Еще ездили по улицам водовозы, некоторые на лошади и с большими тяжелыми бочками; эти покрикивали: «По-воду! По-воду!» А большинство возило небольшие бочонки на двухколесной ручной тележке, таща их собственными силами. В домах тогда водопроводов еще не было, и воду брали либо из своих надворных колодцев, либо дворники ездили к городским бассейнам. Недалеко от нашей квартиры, на широкой площади, помню, стояла высокая круглая башня из красного кирпича, высотой чуть не с двухэтажный дом; от нее шли какие-то отводы и трубы, к которым подставлялись бочки как ручные, так и конные.
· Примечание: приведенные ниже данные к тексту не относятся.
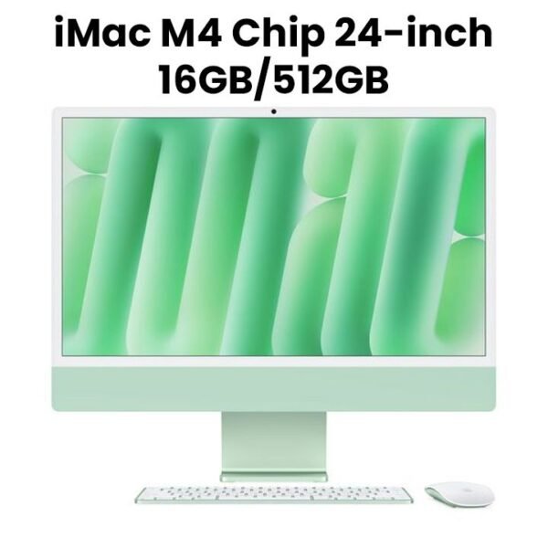 The Apple iMac 24‑inch (M4, 2025) in Green combines sleek design with powerful Apple silicon. Featuring the M4 chip, 16 GB of unified memory, and a 512 GB SSD, it delivers smooth multitasking, fast storage, and stunning visuals. With its 4.5K Retina display and bold Green finish, this iMac is ideal for professionals, students, and families who want both performance and personality in their desktop computer.
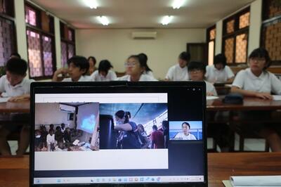 9月11日(水)に国際文化委員会による集会が行われました。児童生徒が6チームに分かれてインドネシア語のクイズに挑戦しました。今月行われる現地校との交流に使える言葉や日常で使う言葉を楽しみながら覚えることができました。9月20日(中学部)、27日(小学部)の交流校招待で、今回学習したことが生かせることを期待しています。
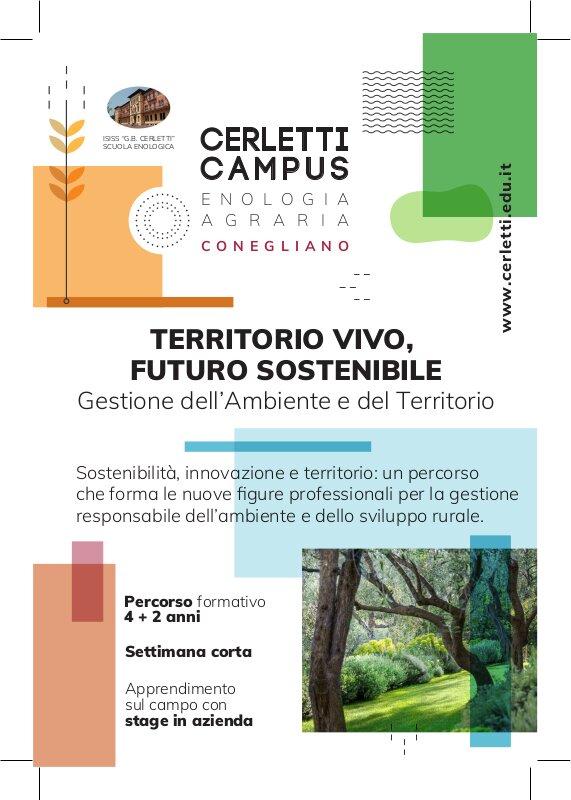 In allegato anche la NOVITÀ del prossimo a.s. Aggiungeremo alla nostra Offerta Formativa il NUOVO PERCORSO 4+2 del TECNICO, GESTIONE DELL’AMBIENTE E DEL TERRITORIO.Invito inoltre a consultare la sezione dedicata al Convitto e al SEMICONVITTO (studio assistito il pomeriggio fino alle 16) (https://cerletti.edu.it/luogo/isiss-g-b-cerletti-scuola-enologica/convitto-di-conegliano/). Il convitto e il semiconvitto nasce per supportare i ragazzi nel loro percorso di studio, offrendo loro un ambiente che favorisce il successo scolastico non solo come frequenza scolastica ma come strumento di crescita e sviluppo.

У этих водовозов и у дворников здесь было нечто вроде клуба, который назывался «басейня». Здесь, в этой «басейни», ранним утром получались самые свежие новости, обычно достоверные; откуда они приходили сюда — неизвестно, но помню, что во время турецкой войны в 1877–1878 годах, когда я был еще школьником, мне не однажды ранним утром, перед уходом в училище, сообщал наш дворник, только что вернувшись с «басейни», самые потрясающие новости — о переходе русских через Дунай, о взятии знаменитой крепости Плевны, о переходе через Балканы и проч. Газеты доставлялись значительно позже, а «басейня» была уже обо всем осведомлена.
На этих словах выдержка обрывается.